Yes, Kafka can do this as well, as Kafka consumers can choose what offset, or alternately time, to read from, enabling tricks like replaying the same messages, reliable disconnected delivery from the last read message and skipping messages etc. Kafka consumers poll for messages, so each time they poll, they can choose to read from the next (unread) offset, or alternatively, they can skip the unread messages and start reading from the end offset (using seekToEnd()), and only read new messages. This is certainly not the normal model of operation for Kafka, but it is logically possible and fits several use cases and operational requirements, such as if consumers are getting behind, they can catch up by skipping messages, etc.
Redis Pub/Sub is designed for speed (low latency), but only with low numbers of subscribers. Subscribers don’t poll and while subscribed/connected are able to receive push notifications very quickly from the Redis broker — in the low milliseconds, even less than 1 millisecond as confirmed by this benchmark.

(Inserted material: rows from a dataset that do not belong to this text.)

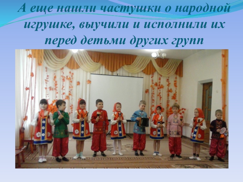 Слайд 16А еще нашли частушки о народной игрушке, выучили и исполнили их
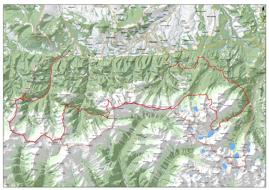 Start odbędzie się na Siwej Polanie, meta – w Kuźnicach. Zadaniem zawodników będzie pokonanie trasy Siwa Polana – Grześ – Rakoń – Wołowiec – Starorobociański Wierch – Ornak – Hala Ornak Chuda Przełączka – Czerwone Wierchy – Kasprowy Wierch – Hala Gąsienicowa – Krzyżne – Dolina Pięciu Stawów Polskich – Wodogrzmoty Mickiewicza – Polana Waksmundzka – Polana Kopieniec – Kuźnice.
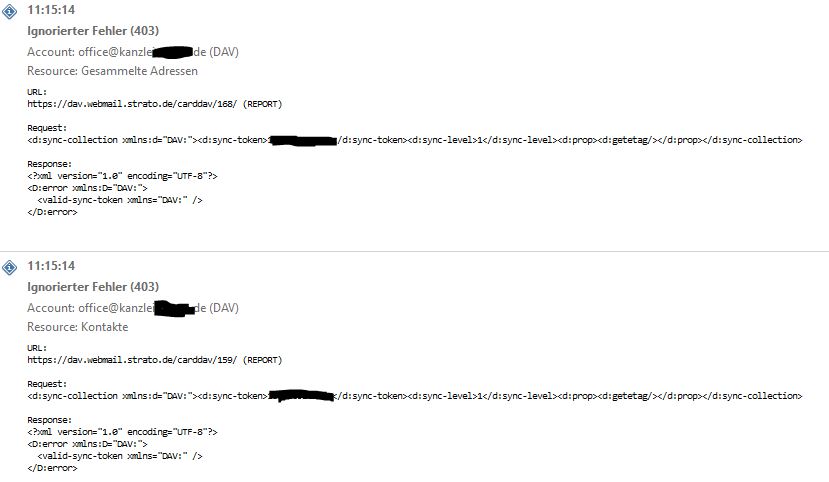 Bei Synchronisation werden für "Gesammelte Adressen" und "Kontakte" ignorierte Fehler (403) angezeigt, vermtlich, weil sie leer sind.

Also note that some articles report that Redis Pub/Sub performance is sensitive to message size; it works well with small messages, but not large ones.
Average Kafka latency is typically in the low 10s of milliseconds. (The average producer latency was 15 to 30 milliseconds reported in our partition benchmarking article).
Kafka also wasn’t designed for large messages, but it can work with reasonably large messages, even up to 1GB, particularly if compression is enabled and potentially in conjunction with Kafka tiered storage.
To maximize Redis throughput, you need to pipeline the producer publish operation, but this will push out the latency, so you can’t have both low latency and high throughput with Redis Pub/Sub.
Redis is mostly single-threaded, so the only way to improve broker concurrency is by increasing the number of nodes in a cluster.
On the other hand, Kafka consumers rely on polling, and potentially batching of messages, so the latency will be potentially slightly higher, typically 10s of milliseconds. However, scalability is better due to Kafka consumer groups and topic partitions, which enable very high consumer concurrency backed by broker concurrency (multiple nodes and partitions).
And just a reminder that Redis Pub/Sub isn’t durable (the channels are in-memory only), but Kafka is highly durable (it’s disk-based, and has configurable replication to multiple different nodes).
Kafka also has automatic failover for consumers in groups — if consumers fail, others take over (but watch out for rebalancing storms). And Kafka Connect enables higher reliability by automatically restarting connector tasks for some failure modes. Given that Redis Pub/Sub doesn’t have the concept of subscriber groups, you are on your own here and would need to handle this differently, perhaps running Redis subscriber clients in Kubernetes pods with automatic restarts and scaling, etc.